■ Exercise
Using the material below, repeat exactly the lines from the one with "5305 nh/ogbl 530a" through the one with "この精密に作られたアメリカン", ends included, without any images.

■ Entries supplied
################
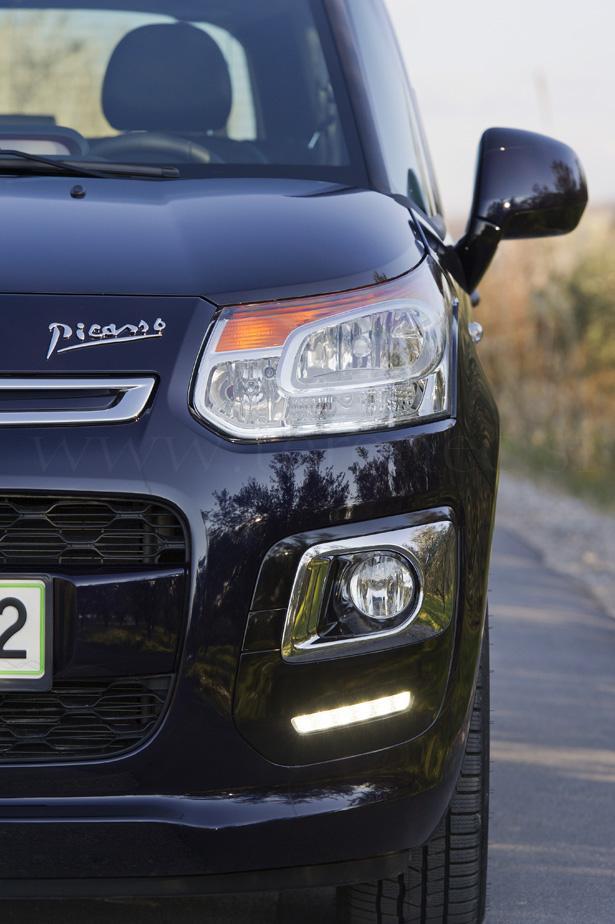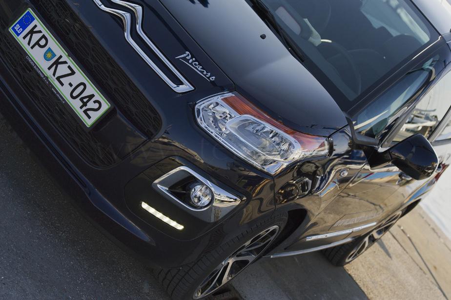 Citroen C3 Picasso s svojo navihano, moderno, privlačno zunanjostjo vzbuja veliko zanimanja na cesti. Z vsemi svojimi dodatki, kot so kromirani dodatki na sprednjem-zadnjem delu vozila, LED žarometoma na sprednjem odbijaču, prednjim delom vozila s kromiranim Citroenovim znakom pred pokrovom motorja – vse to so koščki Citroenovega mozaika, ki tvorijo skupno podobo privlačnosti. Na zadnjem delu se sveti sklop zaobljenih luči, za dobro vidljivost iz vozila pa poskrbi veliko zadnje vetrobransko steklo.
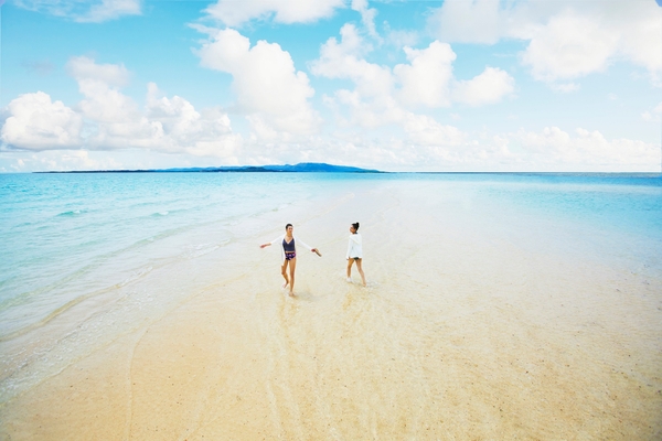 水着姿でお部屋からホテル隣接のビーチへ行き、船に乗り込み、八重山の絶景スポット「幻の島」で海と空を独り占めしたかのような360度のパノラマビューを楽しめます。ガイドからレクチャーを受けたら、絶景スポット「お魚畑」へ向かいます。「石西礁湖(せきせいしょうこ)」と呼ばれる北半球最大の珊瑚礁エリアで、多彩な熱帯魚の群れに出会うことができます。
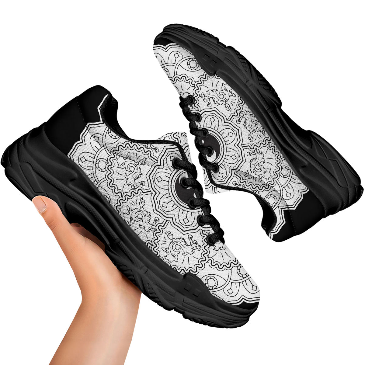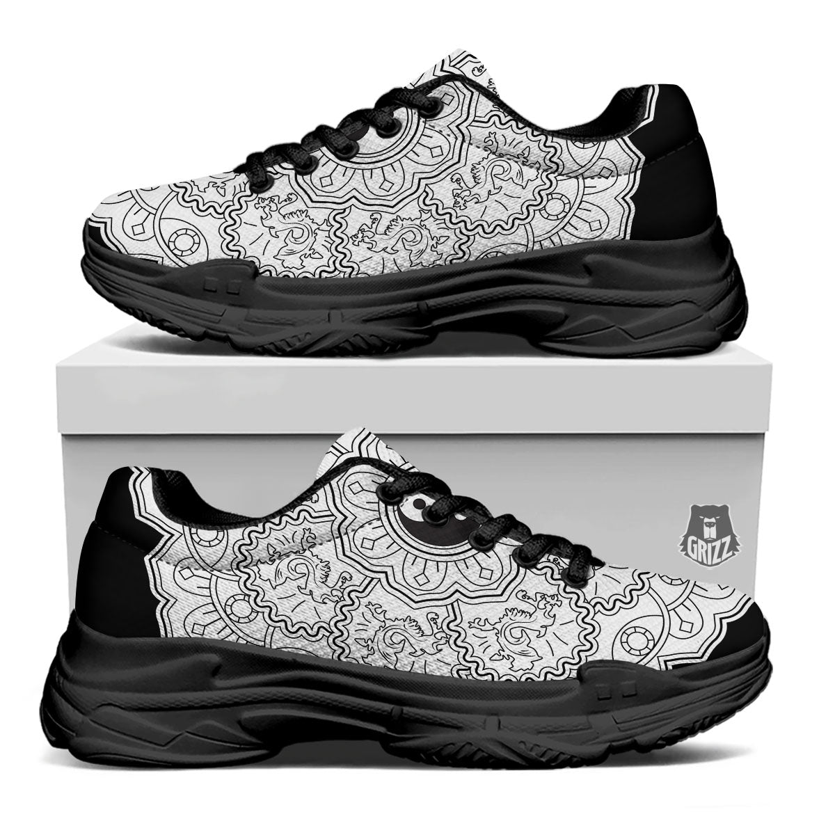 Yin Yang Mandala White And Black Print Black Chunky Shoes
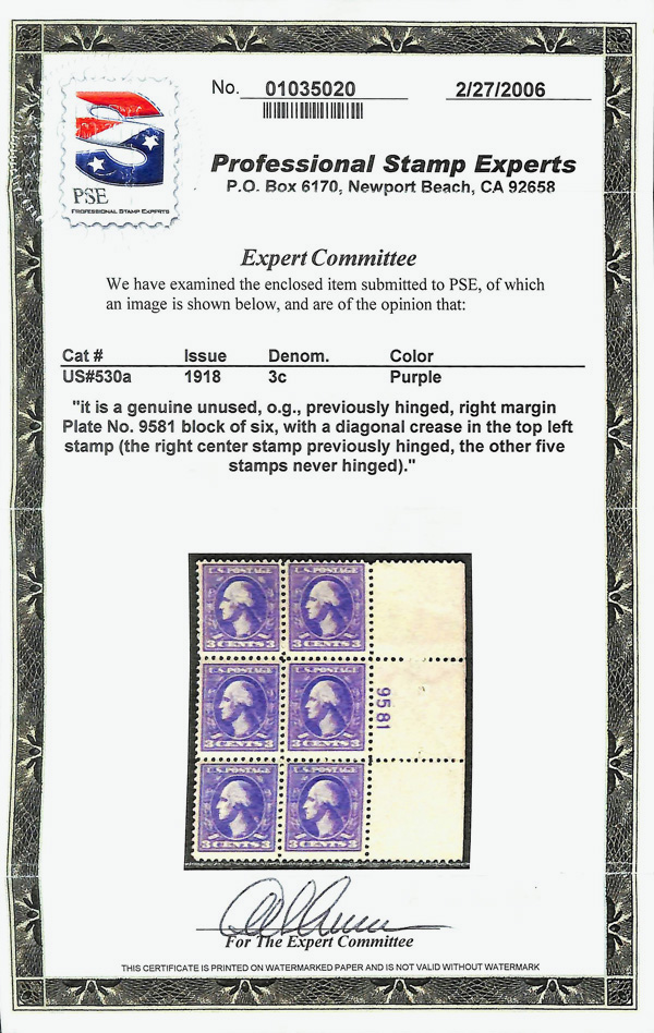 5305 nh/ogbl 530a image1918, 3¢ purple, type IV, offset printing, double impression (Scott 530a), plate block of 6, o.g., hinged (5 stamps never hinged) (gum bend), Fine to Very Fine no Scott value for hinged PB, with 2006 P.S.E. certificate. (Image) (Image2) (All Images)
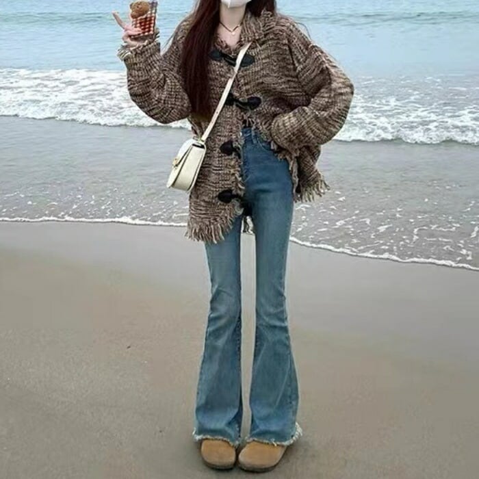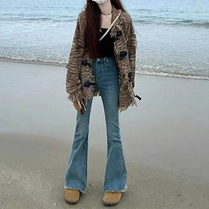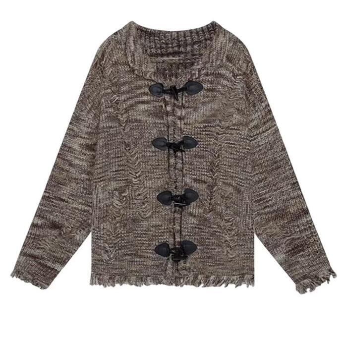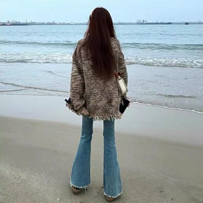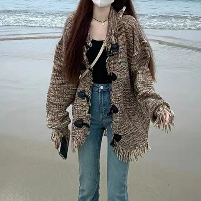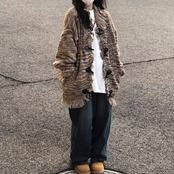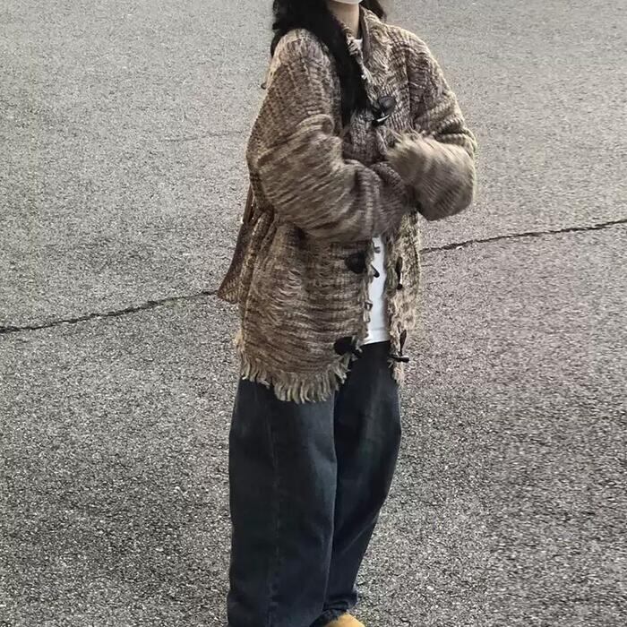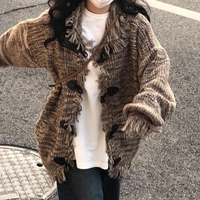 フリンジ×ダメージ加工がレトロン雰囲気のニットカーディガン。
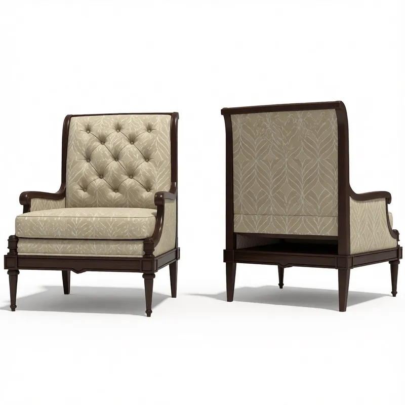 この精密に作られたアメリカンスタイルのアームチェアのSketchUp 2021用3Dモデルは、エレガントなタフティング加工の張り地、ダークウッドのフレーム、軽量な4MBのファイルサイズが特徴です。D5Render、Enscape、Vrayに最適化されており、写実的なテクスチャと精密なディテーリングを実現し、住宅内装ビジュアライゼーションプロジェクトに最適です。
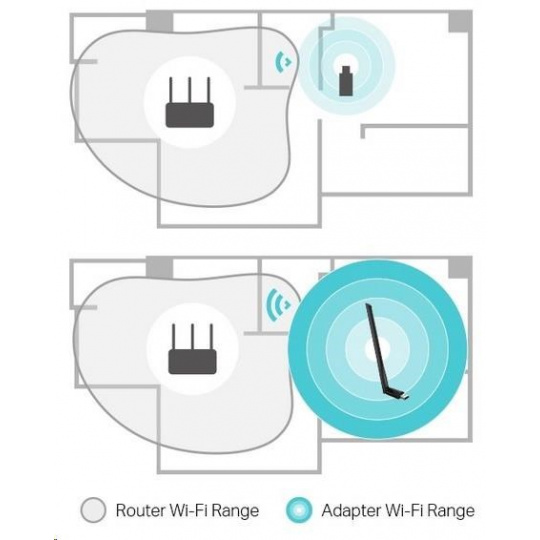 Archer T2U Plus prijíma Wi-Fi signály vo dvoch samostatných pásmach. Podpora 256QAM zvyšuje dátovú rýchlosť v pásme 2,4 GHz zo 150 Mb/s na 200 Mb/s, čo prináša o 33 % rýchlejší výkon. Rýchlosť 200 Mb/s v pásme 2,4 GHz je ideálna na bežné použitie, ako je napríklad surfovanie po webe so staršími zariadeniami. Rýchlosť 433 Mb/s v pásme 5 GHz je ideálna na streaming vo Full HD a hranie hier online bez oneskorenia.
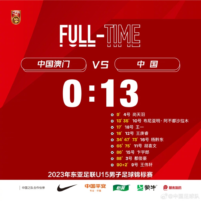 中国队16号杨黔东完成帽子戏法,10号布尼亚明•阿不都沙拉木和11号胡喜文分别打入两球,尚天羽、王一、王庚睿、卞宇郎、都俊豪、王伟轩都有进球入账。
################
■ Written answer
 5305 nh/ogbl 530a image1918, 3¢ purple, type IV, offset printing, double impression (Scott 530a), plate block of 6, o.g., hinged (5 stamps never hinged) (gum bend), Fine to Very Fine no Scott value for hinged PB, with 2006 P.S.E. certificate. (Image) (Image2) (All Images)
 フリンジ×ダメージ加工がレトロン雰囲気のニットカーディガン。
 この精密に作られたアメリカンスタイルのアームチェアのSketchUp 2021用3Dモデルは、エレガントなタフティング加工の張り地、ダークウッドのフレーム、軽量な4MBのファイルサイズが特徴です。D5Render、Enscape、Vrayに最適化されており、写実的なテクスチャと精密なディテーリングを実現し、住宅内装ビジュアライゼーションプロジェクトに最適です。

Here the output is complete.